E' stato in società pugilistiche di Shtip, Kumanovo, Skopje e della Serbia ed
ora ha smesso. Si guadagna da vivere con un'impresa privata.
- Ci sono molti bambini rom che giocano a basket o a pallamano, non solo per
le strade. I club sportivi rom sono morti, nessuno vuole finanziarli. Se fossero
organizzati tornei tra i giovani, si scoprirebbero molti talenti e non solo nel
calcio, considera Demirov.
Lui stesso, dice, si proporrebbe per sollecitare ed organizzare
manifestazioni simili, se solo ci fosse uno sponsor.
Uno dei più giovani e promettenti talenti del football [...] , si chiama Enis
Asanovski e viene da Prilep. Gioca nel "Proleter", che è una delle poche squadre
rom in Macedonia. Enis ci gioca già da due anni.
- Dice: Mi sono allenato nel "Pobeda" e nel "Shampion" e gioco anche in
nazionale. Non faccio altro se non giocare a calcio. Ma non ne vale a pena. A
meno di andare via e giocare in un club straniero.
Si discute spesso di football e di Rom, riferendosi ai teppisti di destra in
Europa dell'Est ed alle loro invettive contro le comunità rom. Tuttavia, il
collegamento tra i Rom ed il calcio è qualcosa che dovrebbe essere riconosciuto
e può agire da ispirazione per molti giovani.

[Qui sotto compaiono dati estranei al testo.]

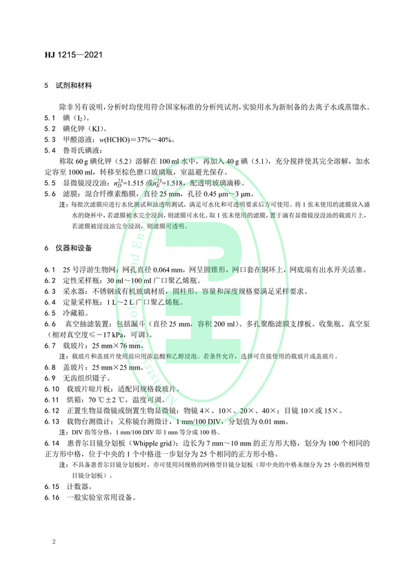 水質(zhì)浮游植物的測定濾膜-顯微鏡計數(shù)法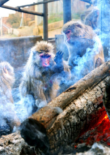当饲养员从炭灰中挖出烤红薯时,本在各自取暖的约150只猴子一拥而上,一边用池水冷却红薯一边咂嘴。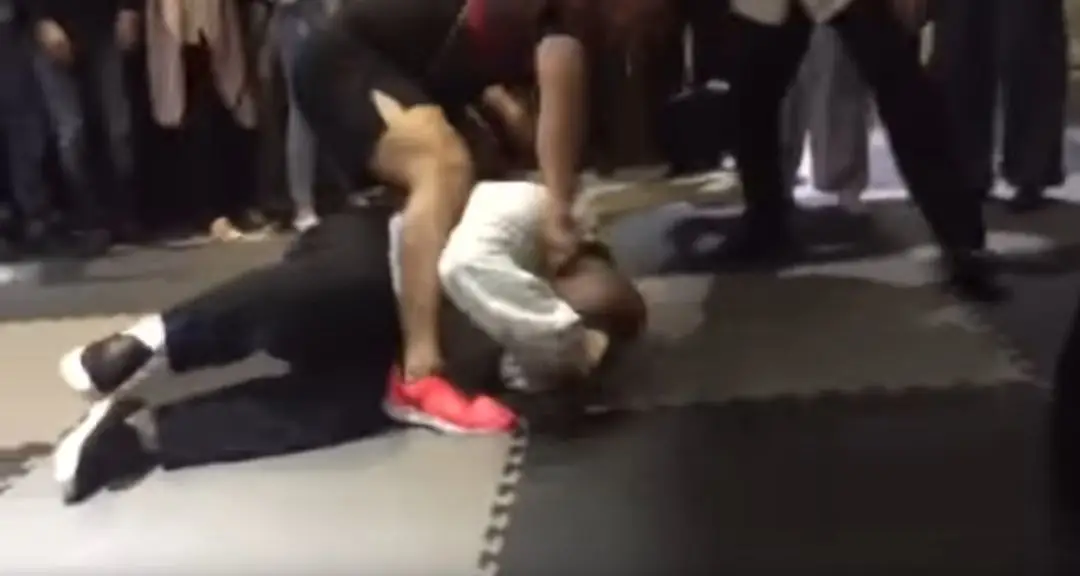 正常來說,此時比賽勝負已分,雙方應當握手言和。惱羞成怒的鄭家寬卻在起身之後偷襲對手。此時,看不下去的當值裁判出手了,他使用一招「裸絞」從背後再次制伏了鄭家寬。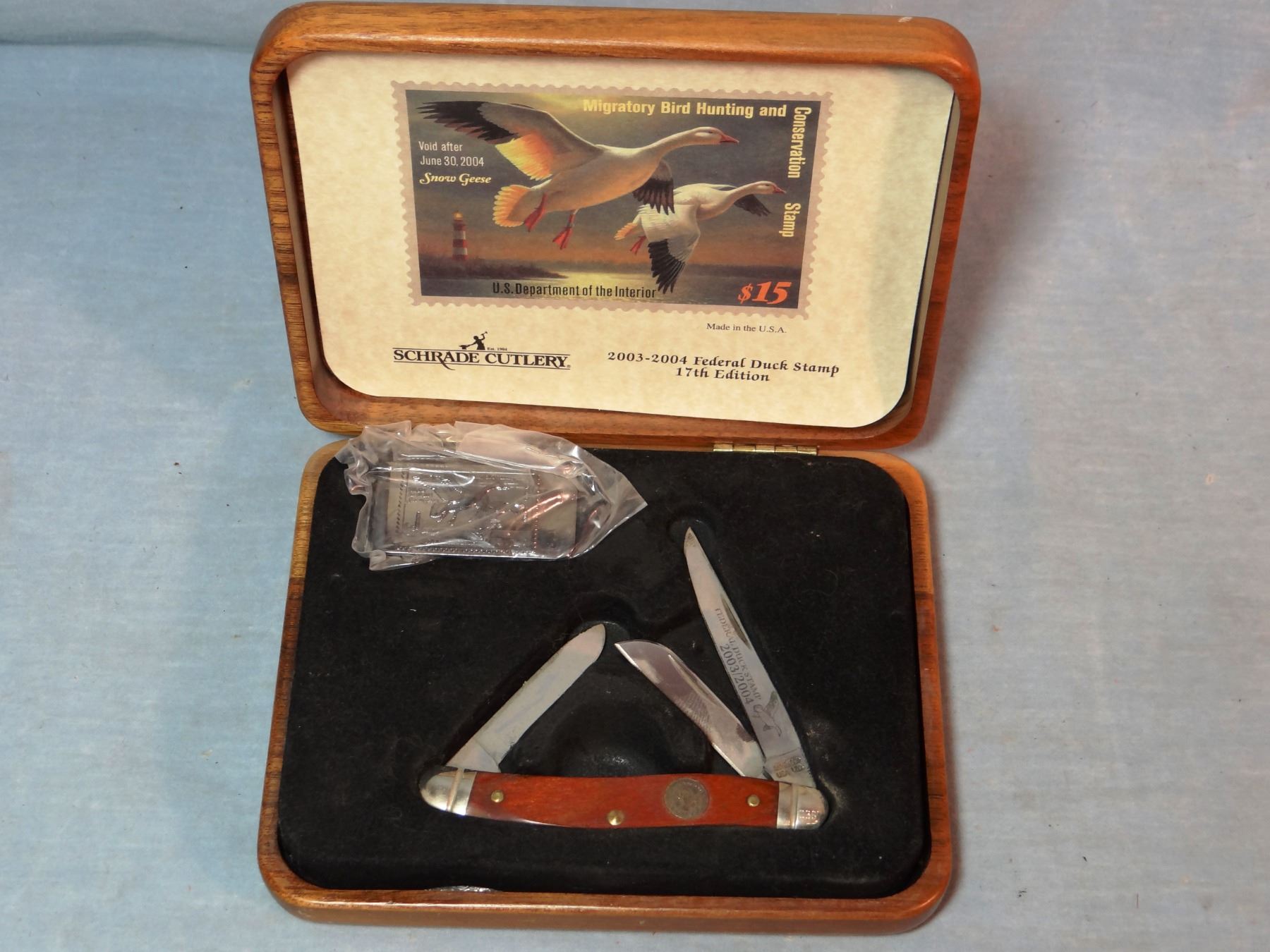 Schrade 2003 and 04 Fed. Duck Stamp pocket knife and money clip, in wood case and FFA Comm. Pocket k

Moderni talenti rom del calcio hanno incantato i più grandi stadi del mondo,
dal Nou Camp di Barcellona a San Siro di Milano, ed il quartetto di sopra è
stato selezionato tra quanti, tra gli attuali giocatori rom, hanno avuto le
carriere più illustri e di successo.
Presentiamo un profilo per ogni giocatore, prima di porre la fatidica
domanda: Chi è il più grande giocatore rom di tutti i tempi?
ANDREA PIRLO
Nato in una famiglia sinti a Flero, nel nord-est della Lombardia, Pirlo è
ampliamente riconosciuto come il miglior regista calcistico della sua
generazione. Gli Italiani lo scoprirono adolescente a Brescia, prima che nel
1998 l'Inter lo comprasse a peso d'oro. Durante questo periodo, la sua
progressione stagnava a livello di club, ma a livello internazionale stava
nascendo una stella.
Agli Europei under-21 del 2000, Pirlo, capitano per l'Italia, non solo fu
capocannoniere ma venne anche votato come miglior giocatore del torneo e
ricevette il premio Golden Player.
Tuttavia, nell'Inter continuava a non essere valorizzato e venne venduto ai
grandi rivali del Milan nell'estate del 2001. Fu una grande perdita per l'Inter
e un grande acquisto per il Milan, come venne dimostrato qui sotto, con
l'esecuzione di uno dei suoi leggendari calci di punizione, durante il derby
milanese.
Pirlo divenne un componente integrante di un eccellente Milan, vincendo la
Champions League alla sua seconda stagione, battendo i colleghi della Juventus
nella finale del 2003.
L'anno seguente il Milan vinse il campionato, col creativo centrocampista
alla base di quel successo.
Contemporaneamente giocando in
nazionale, Pirlo ebbe un ruolo fondamentale nella straordinaria vittoria
dell'Italia nella Coppa del Mondo 2006. Dopo aver battuto la Germania in
semifinale, l'Italia vinse ai rigori contro la Francia in finale. Pirlo alzò il
trofeo e venne premiato col Pallone di Bronzo, dopo essere stato votato il terzo
miglior giocatore del torneo.
Mentre alza la Coppa UEFA vinta dal Milan nel 2007
Nel 2007 vinse per la seconda volta un trofeo europeo, sempre con il Milan, e
rappresentò l'Italia all'Euro 2008 e nei Mondiali 2010, prima di terminare la
sua carriera decennale al Milan nel 2011, contemporaneamente alla vincita in
campionato dopo sette anni di digiuno.
Ora, a 32 anni, Pirlo gioca nella Juventus, dove sperano che la sua classe ed
esperienza riportino il club più premiato d'Italia agli antichi fasti.
RAFAEL VAN DER VAART
Proveniente da Heemskerk, Olanda settentrionale, van der Vaart è
sopravvissuto ad una carriera turbolenta per diventare uno dei più prolifici
centrocampisti d'attacco in Europa. Nato da madre spagnola e padre olandese, van der
Vaart è cresciuto giocando a calcio nei campi per roulotte in giro per l'Olanda.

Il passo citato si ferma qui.